WHAT THIS TASK INVOLVES:
Reproduce verbatim all of the data given below, but do not carry over the images.

DATA EXCERPT:
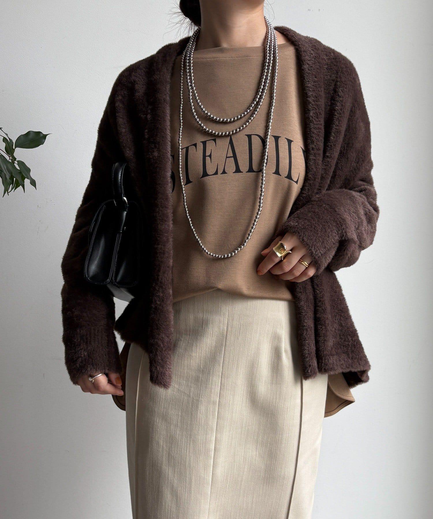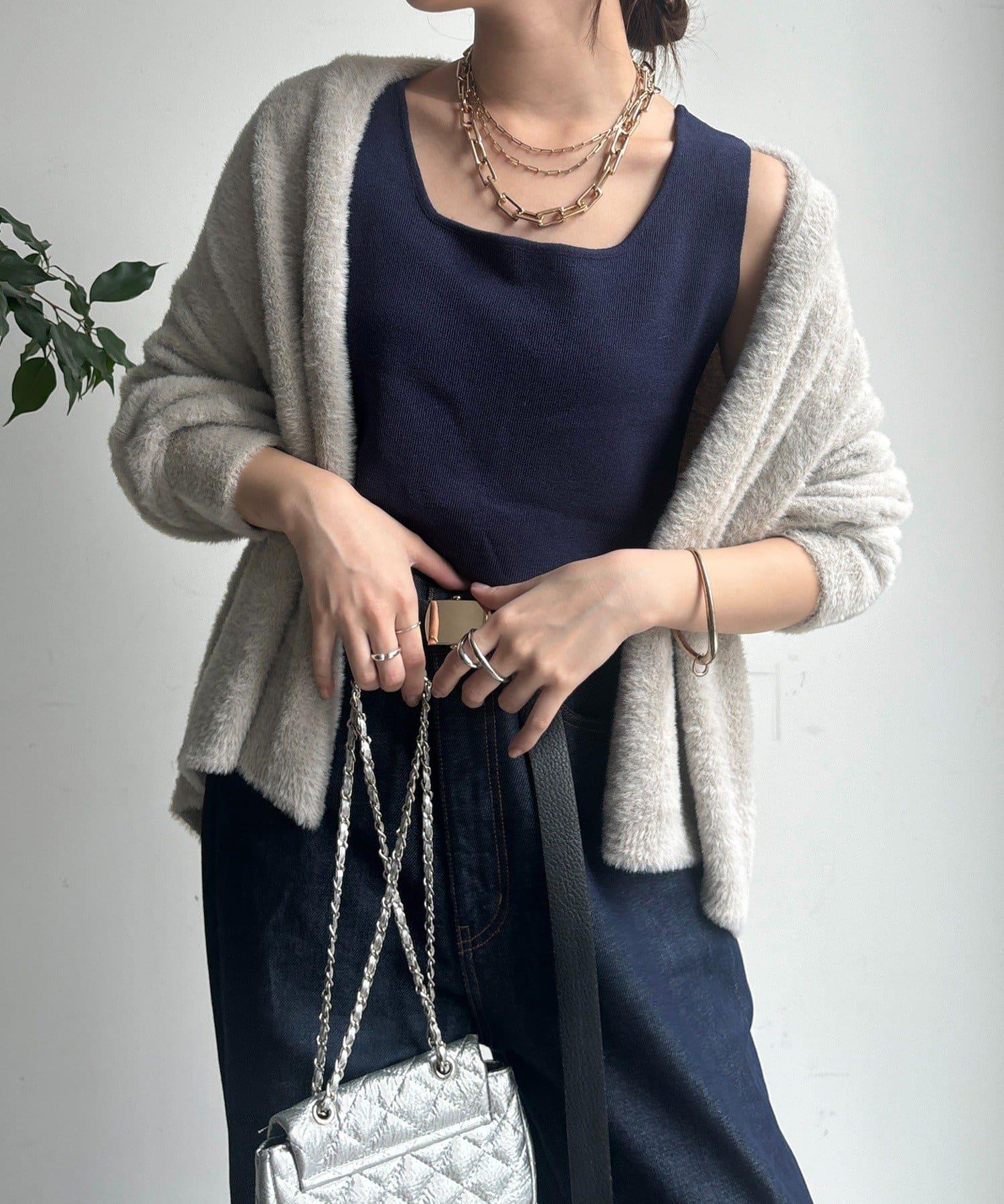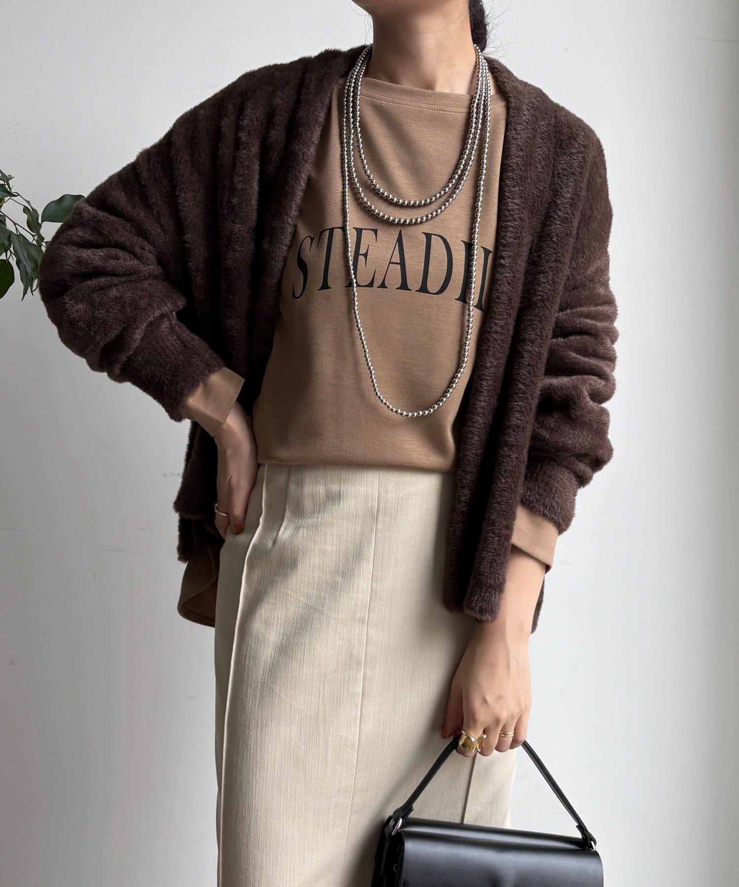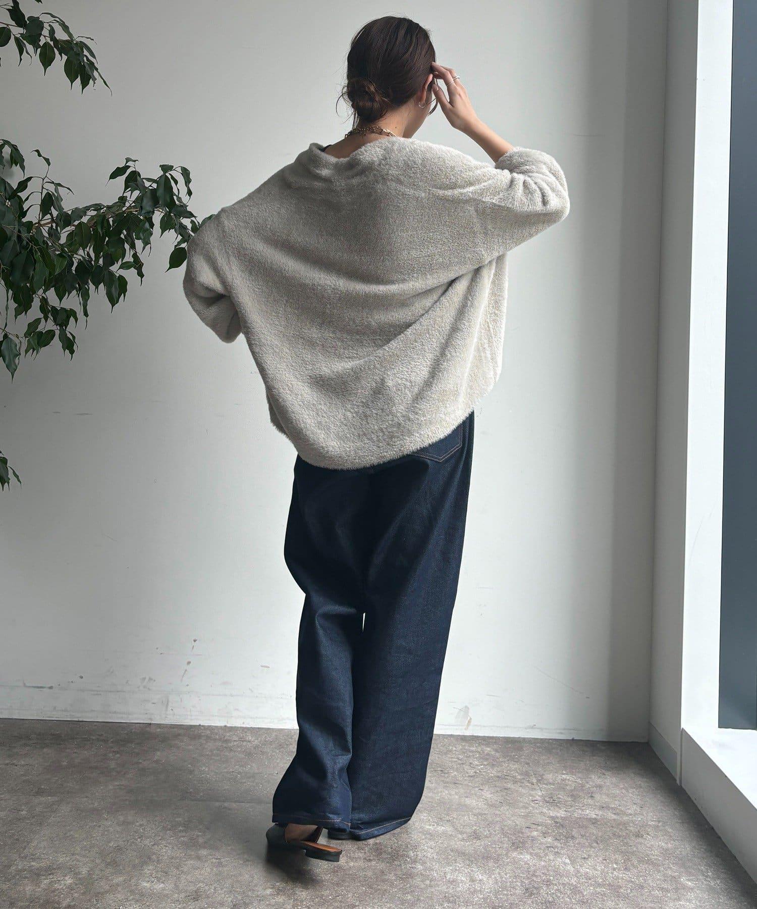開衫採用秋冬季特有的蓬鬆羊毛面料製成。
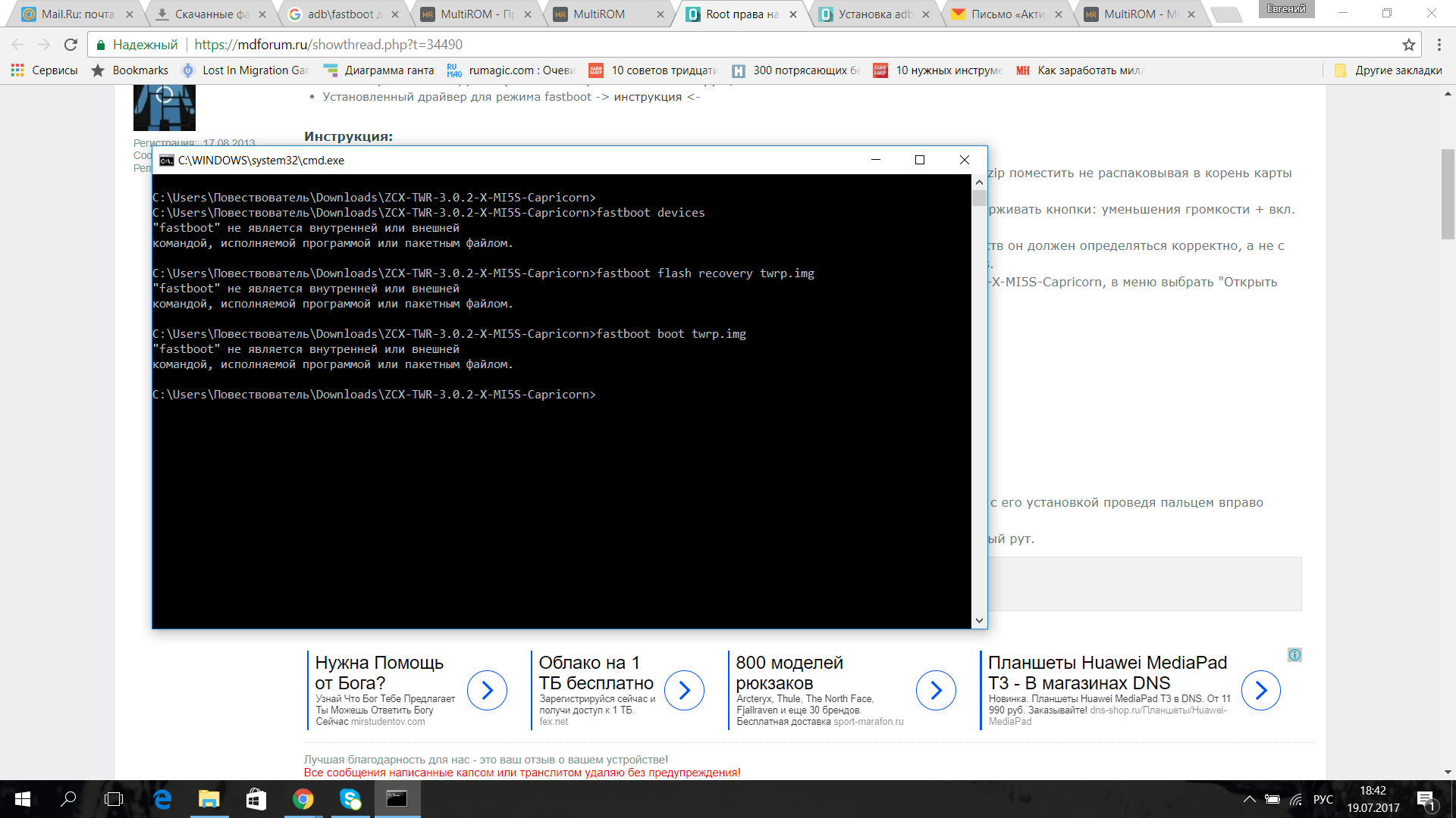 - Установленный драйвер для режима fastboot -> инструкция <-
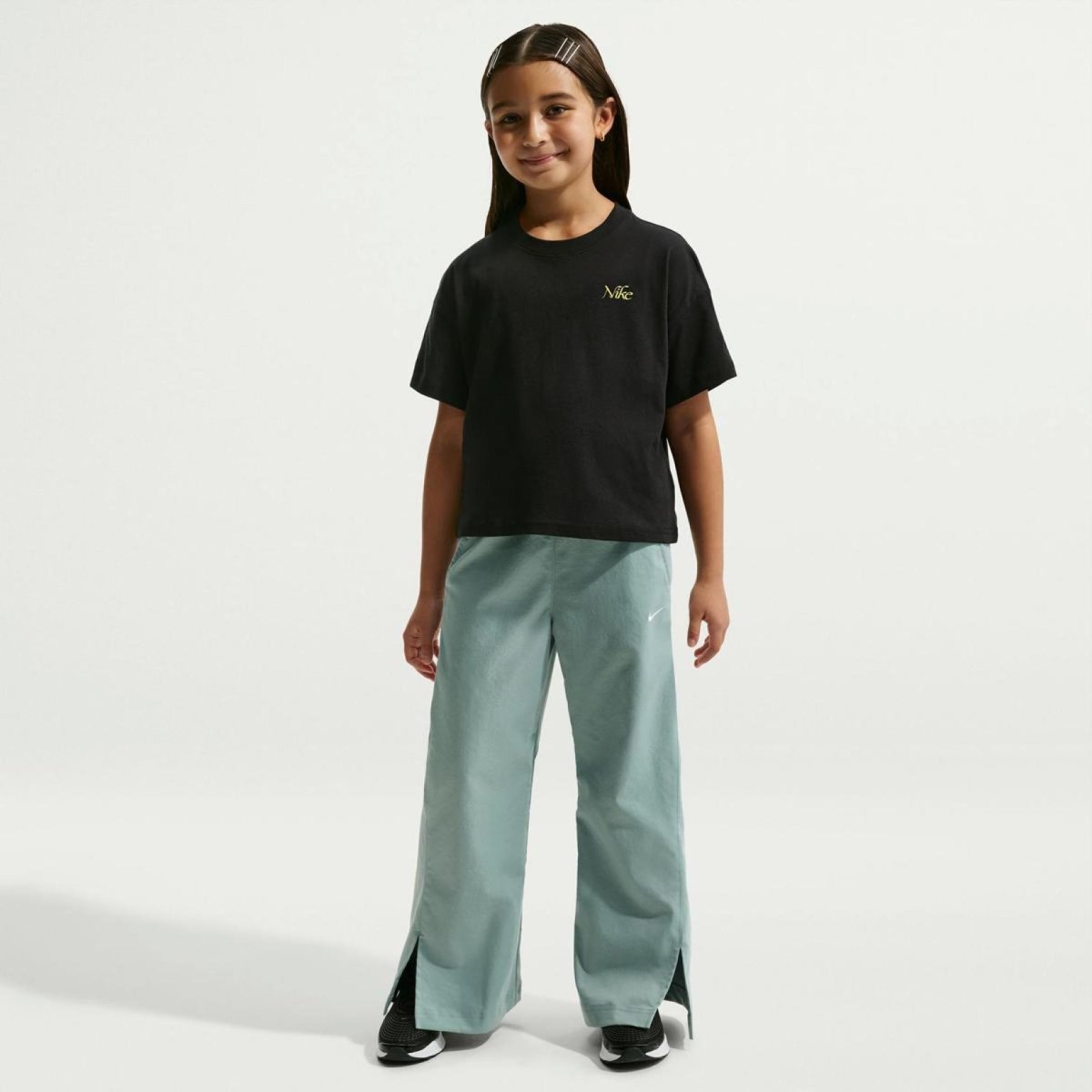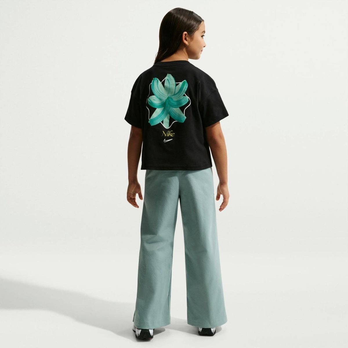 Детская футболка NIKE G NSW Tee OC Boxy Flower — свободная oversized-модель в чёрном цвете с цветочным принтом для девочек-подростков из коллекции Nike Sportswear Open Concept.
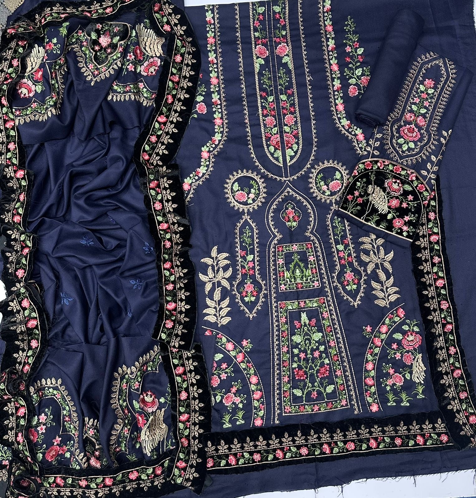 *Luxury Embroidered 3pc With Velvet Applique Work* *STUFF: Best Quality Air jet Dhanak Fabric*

RESULT FOR THIS TASK:
開衫採用秋冬季特有的蓬鬆羊毛面料製成。
 - Установленный драйвер для режима fastboot -> инструкция <-
 Детская футболка NIKE G NSW Tee OC Boxy Flower — свободная oversized-модель в чёрном цвете с цветочным принтом для девочек-подростков из коллекции Nike Sportswear Open Concept.
 *Luxury Embroidered 3pc With Velvet Applique Work* *STUFF: Best Quality Air jet Dhanak Fabric*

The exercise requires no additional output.